Warm humid climates generally have special weather parameters that control the amount of daylight and heat. The important and significant factors are temperature , sunshine duration , cloudiness , humidity , rainfall , and wind , which are normally measured by meteorological stations.

3.1.3. Weather parameters

Malaysia, a country with a tropical climate, is located at 3°N of the Equator. As shown in Figure 3 , the country has hot and humid characteristics. Malaysia has rainy and sunny seasons, is characterized by higher temperatures, is exposed to a very large amount of solar insolation, has a high level of humidity, has plenty of rainfall throughout the year, and has unpredictable wind movement.

Figure 3. Map of Malaysia (Map of Malaysia 2013 ).

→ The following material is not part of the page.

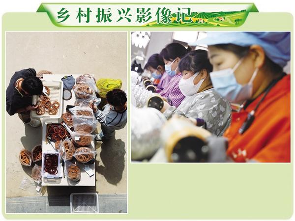 淮陽(yáng)區(qū)葛店鄉(xiāng)回龍集村民依托傳統(tǒng)核桃雕刻技藝,創(chuàng)新打造“工廠+數(shù)字電商”融合發(fā)展模式,構(gòu)建起“原料加工—?jiǎng)?chuàng)意設(shè)計(jì)—雕刻生產(chǎn)—電商營(yíng)銷(xiāo)”全鏈條文玩產(chǎn)業(yè)體系,成為鄉(xiāng)村振興背景下電商賦能的典型案例。圖為4月1日村民在車(chē)間加工文玩核桃(上)及通過(guò)直播平臺(tái)銷(xiāo)售產(chǎn)品(左)的場(chǎng)景。

Air temperature is generally high at all times in the humid tropics, but is extremely low compared with that in the dry tropics or sub-tropics (Jarrett, 1977 ). In fact, the temperature differences are negligible between seasons and the diurnal temperature range during a day is insignificant (Faniran and Jeje, 1983 ). Additionally, the temperature does not differ considerably within places because the amounts of net radiations received by these places have very slight differences. Furthermore, most of the tropics have ocean surfaces, which are enormous heat storage reservoirs that cause significant temperature differences over short distances. Therefore, temperature decreases at an average rate of approximately 1 °C per 150 m in altitude (Senior, 1979 ; Reading et al ., 1995  ;  McGregor and Nieuwolt, 1998 ). According to a 10 day Agromet Bulletin issued by the Malaysian Meteorological Department (MMD, 2013a ) diurnal air temperature ranges from 22 °C to 33 °C have been recorded; whereas MMD (2013b) recorded a significantly higher normal temperature, especially with diurnal air temperature ranges of 19 °C to 37.8 °C. Malaysia is exposed to a very large amount of solar insolation, ranging between 1400 and 1900 kWh/m² (Ahmad et al., 2011 ), with an average of approximately 1643 kWh/m²  per annum (Haris, 2008 ) and more than 10 sun hours per day (Amin et al., 2009 ). The position of the sun in Malaysia, especially in Penang, peaks in the orbit at 1:15 pm to 1:30 pm throughout the year, with the altitude reaching a minimum of 60° around December and January and a maximum at approximately 90° at the end of March, April, and September, depending on location.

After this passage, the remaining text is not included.